Jose Altuve leaves the game against Angels after being hit by the pitch


Jose Altuve leaves the game against Angels after being hit by the pitch

ANAHEIM — The Astros did not seek another setback for their lineup on Thursday. Those plans went awry almost immediately.

The first pitch of the game from Angels left-back Reid Detmers hit Jose Altuve in the left knee, leaving Altuve in visible pain. He stayed in the game for the half-inning but was replaced at second base in the bottom of the frame by Mauricio Dubón.

Already minus Yordan Alvarez (a right hand problem) and Michael Brantley (shoulder problem), the effects of their absence on the record were showing. After crossing two runs in the first run, the Astros’ bats fell silent at the plate until Jeremy Peña’s 10th inning single, which broke the tiebreak, sealed a series win over the Angels.

Ryan Pressly threw two scoreless innings to retain the 3-2 win, helped greatly by Dubón’s jump catch on a Max Stassi softliner for the second of ten. Despite the recent injury tide, Houston has won 22 of its last 29 and went 4-2 on the road trip.

“It was hard-fought,” said manager Dusty Baker. “We’ll take it.”
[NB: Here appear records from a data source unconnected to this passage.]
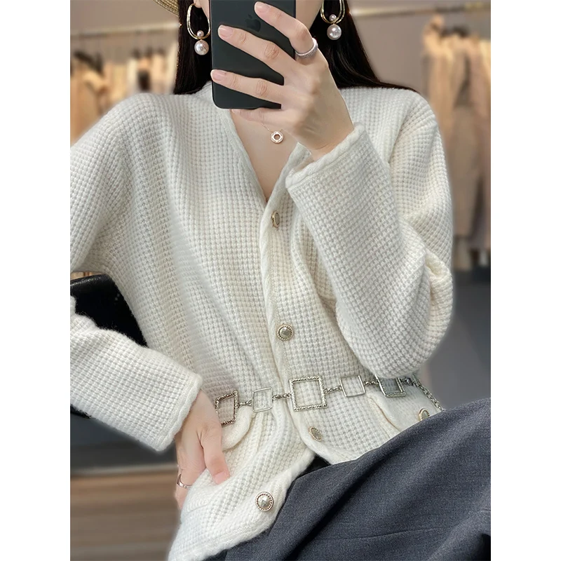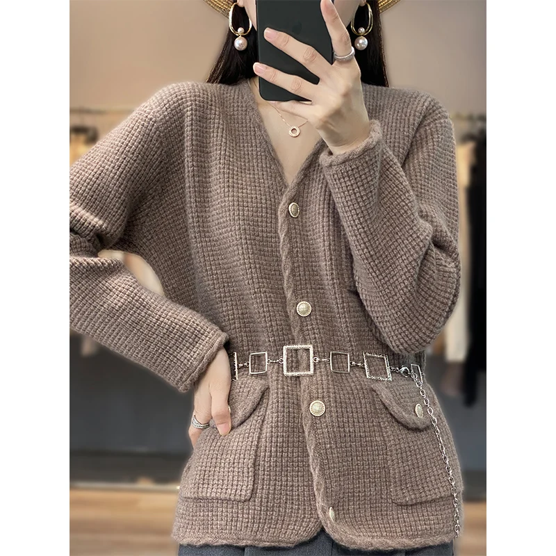«High-Quality Pure Wool Sweater Women's V-Neck Small Fragrance Knitted Cardigan Waffle Thickened Outer Wear Ins To Cover The Meat» по лучшей цене на рынке! Всего за 71$ (6745рублей)
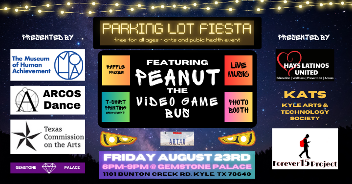 The Museum of Human Achievement (MoHA) is bringing a community art party to Kyle to mark the end of summer break! Our extra special guest, “Peanut”, is a retrofitted 90s city bus that brings accessible activations like film screenings, art installations and more. This time, Peanut will transform into an arcade bus featuring some exciting Indie Games. In addition we will be hosting local teen musicians and artists from Kyle for musical performances, along with the Austin-based dance group ARCOS.
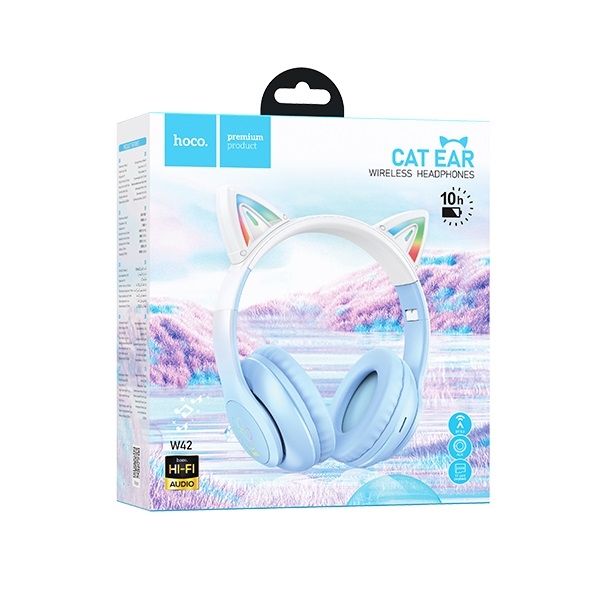 HOCO BLUETOOTH HEADPHONES W42 CAT EARS CRYSTAL BLUE
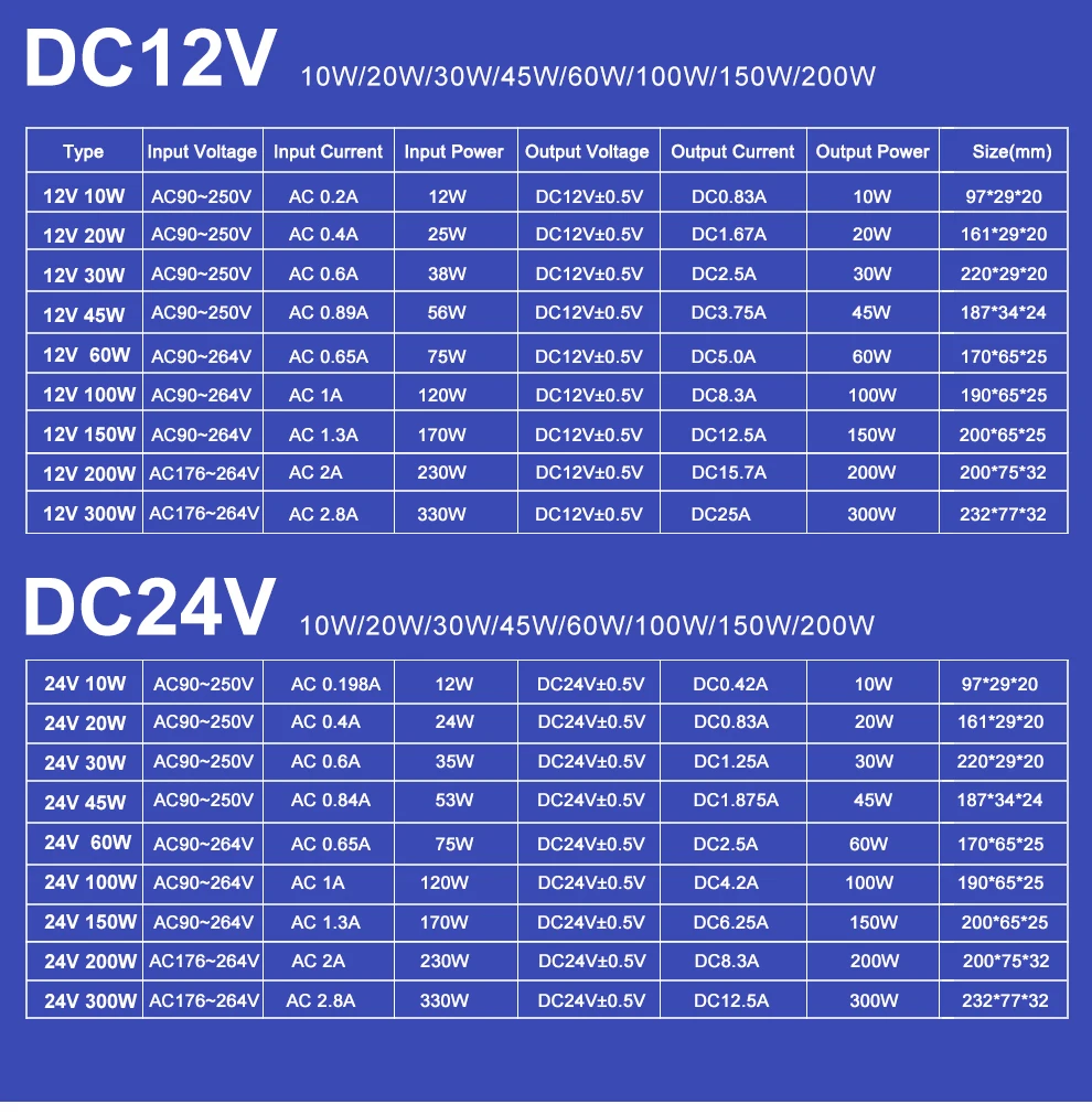 Водонепроницаемый светодиодный драйвер IP67 DC12V 24V Трансформаторы освещения для наружного освещения 12V Блок питания 10W 20W 30W 45W 60W 100W 200W 300W Функции:Водонепроницаемость: IP67, для использования вне помещенийВход: AC90 ~ 250 В 50/60 Гц (Входное напряжение источника питания 200 Вт и 300 Вт: 176-264 В переменного тока)Выход: 12 В / 24 В постоянного токаСтандарт безопасности: соответствует CE, FCC-Защита от короткого замыкания-Драйвер, источник питания, подходящий для оборудования наружного освещения, которому требуется DC12V / 24V,Подходит для других электронных продуктов, которые используют источник питания постоянного тока 12 В / 24 В. пожалуйстаNote:Входное напряжение источника питания 200 Вт и 300 Вт: 176-264 В переменного тока.Пожалуйста, внимательно проверьте фотографии наших продуктов перед покупкой!
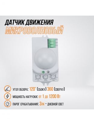 Датчик движения встраиваемый, 1200 Вт, 1-8 м, 120°, 360 °, IP20, 3+ лк, 5.8 ГГц, TDM Electric, ДДМ-01, SQ0324-0015
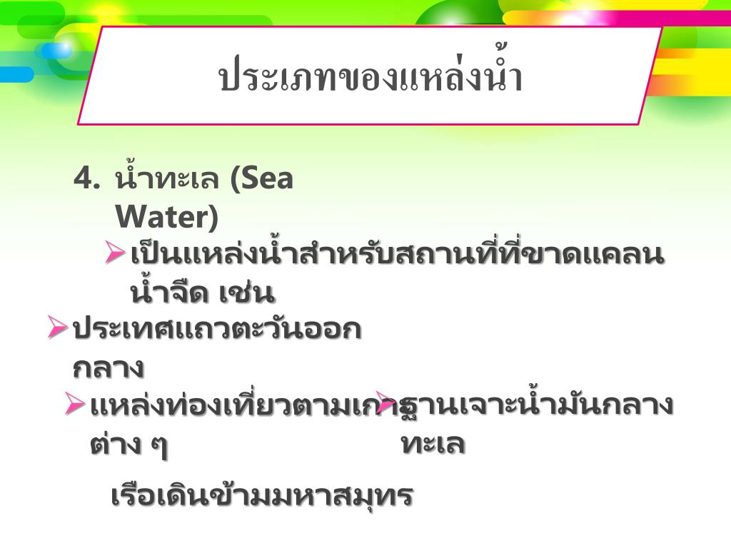 ประเภทของแหล่งน้ำ • น้ำทะเล (Sea Water) • เป็นแหล่งน้ำสำหรับสถานที่ที่ขาดแคลนน้ำจืด เช่น • ประเทศแถวตะวันออกกลาง • ฐานเจาะน้ำมันกลางทะเล • แหล่งท่องเที่ยวตามเกาะต่าง ๆ เรือเดินข้ามมหาสมุทร
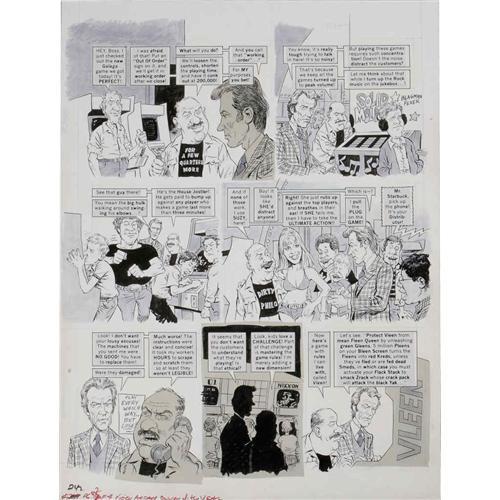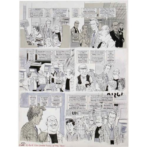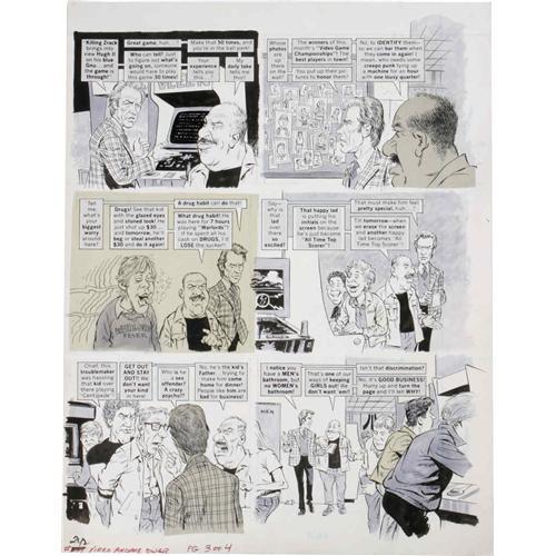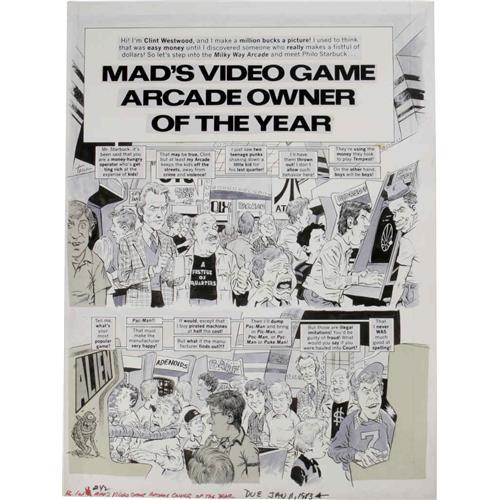 <B>Angelo Torres - Mad #242 Complete 4-page Story "Mad's Video Game Arcade Owner of the Year" Original Art (EC, 1983).</B></I> "Clint Westwood" explores the ins and outs of the Video Arcade biz in this piece of eighties investigative journalism -- <B>Mad</B></I> style. Angelo Torres' caricatures of Clint Eastwood are first-rate. Each page of the story has an image area of 17" x 22" and the art is in Excellent condition. <I>From the Mad Magazine Archives</B></I>.

The All-Star break couldn’t come soon enough for these Astros, especially with three of their key hitters battered. Altuve, who entered the night in July at .350/.471/.600 in 11 games with six extra-base hits, was diagnosed with a left knee bruise and is on day-to-day. Baker said he plans to rest Altuve independently along with other veterans at home against Oakland on Friday.
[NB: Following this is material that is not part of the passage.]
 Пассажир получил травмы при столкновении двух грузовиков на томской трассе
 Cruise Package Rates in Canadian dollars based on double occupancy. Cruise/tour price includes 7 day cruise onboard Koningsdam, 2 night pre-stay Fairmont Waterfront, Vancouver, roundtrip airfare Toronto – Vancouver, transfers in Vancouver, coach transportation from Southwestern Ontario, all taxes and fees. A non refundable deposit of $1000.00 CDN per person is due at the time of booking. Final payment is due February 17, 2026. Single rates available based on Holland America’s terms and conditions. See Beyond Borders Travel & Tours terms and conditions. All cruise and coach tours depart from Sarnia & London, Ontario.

“He’ll be sore,” Baker said. “[The pitch] hit him close to the bone on the side of the knee. I just hope he is fine on Saturday and Sunday.”

Baker commented on the warm temperatures in Southern California before the game, calling it “firedamp.” When Altuve reached and Peña made a move to open the game, the Astros appeared to confirm their manager’s words. Alex Bregman batted after Detmer’s first offer and headed to left field to load the bases before Kyle Tucker clinched a run with a backfield hit.

Houston had an opportunity to put the Angels in a deeper hole, but a popout, the choice of a run-scoring fielder, and a miscommunication on the shields resulted in an innings end on the basepaths and an unsatisfactory 2-0 lead. It wasn’t until the sixth that the Astros got another runner in the points.

Korey Lee, replacing Martín Maldonado as automatic runner to start the 10th, advanced to third base with a deep fly ball from Dubón and hit Peña’s single the other way.

“You want to be prepared for the situation,” Peña said. “I was ready to throw something up and go.”

“He’s playing well beyond his experience and age,” Baker said. “The situation didn’t bother him or make it too big for him.”

Left-hander Framber Valdez made his first start since being named an All-Star by his manager and showed why he made an AL-leading 16th quality start of his 18 games this season as well as his 15th straight. He went six innings to protect an undermanned bullpen and recovered from a high early pitch count and a bout of ferocity.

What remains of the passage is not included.